How to Fix Messy HTML Formatting
Messy HTML does not mean broken HTML — the browser will often render it correctly regardless. But messy HTML makes maintenance miserable. Here are the most common sources of messy HTML and how the formatter handles each:
CMS and page builder exports
WordPress, Webflow, and similar tools often produce HTML with deeply nested wrapper divs, inline styles on every element, and no indentation at all. The formatter cleans all of this up.
Email marketing tools
MailChimp, HubSpot, and similar platforms produce table-based layouts with merged inline CSS and excessive whitespace — or sometimes no whitespace at all.
Copy-paste from web pages
Copying HTML source from a browser and pasting it into an editor usually strips all consistent indentation, leaving you with a flat list of tags.
Minified production HTML
Build tools like Webpack, Parcel, or Next.js produce minified HTML for production. This is intentional for performance but completely unreadable for debugging.
The HTML Formatter at unblockdevs.com/html-formatter handles all of these cases. Paste in your messy HTML and get clean, indented output in one click — no manual editing required.
HTML Beautifier for Large Files
Large HTML files — think full page exports with hundreds of components, email templates with deeply nested tables, or CMS-generated pages with thousands of elements — need a tool that can handle them without freezing or timing out.
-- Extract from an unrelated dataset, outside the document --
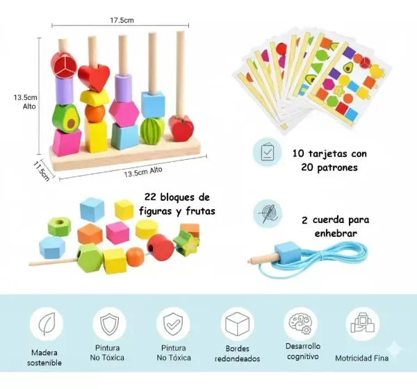 Desarrollo Integral Montessori: Estimula la concentración, creatividad y habilidades lingüísticas. ¡Tu peque resuelve problemas mientras arma su "ensalada geométrica" y la equilibra sin caídas!
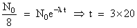 The half life of a radioactive isotope ′X′ is 20 years. It decays to another element ′Y′ which is stable. The two elements ′X′ and ′Y′ were found to be in the ratio 1 : 7 in a sample of a given rock. The age of the rock is estimated to be:

When working with large HTML files, keep these tips in mind:
Format in sections
If a single file is enormous, copy one major section at a time (e.g. header, main content, footer) and format each separately. This is easier to review and less risky.
Use Find + Replace after formatting
After formatting, use your editor's find-and-replace to clean up any remaining patterns — like removing empty class attributes or stripping inline styles.
Check for broken tags
Large minified HTML files sometimes have malformed tags (unclosed elements or missing closing tags). The formatter will attempt to repair these but it's worth validating with an HTML validator afterward.
Preserve whitespace in pre and code blocks
If your HTML contains <pre> or <code> blocks, a good formatter preserves their whitespace intentionally — content inside those tags is whitespace-sensitive.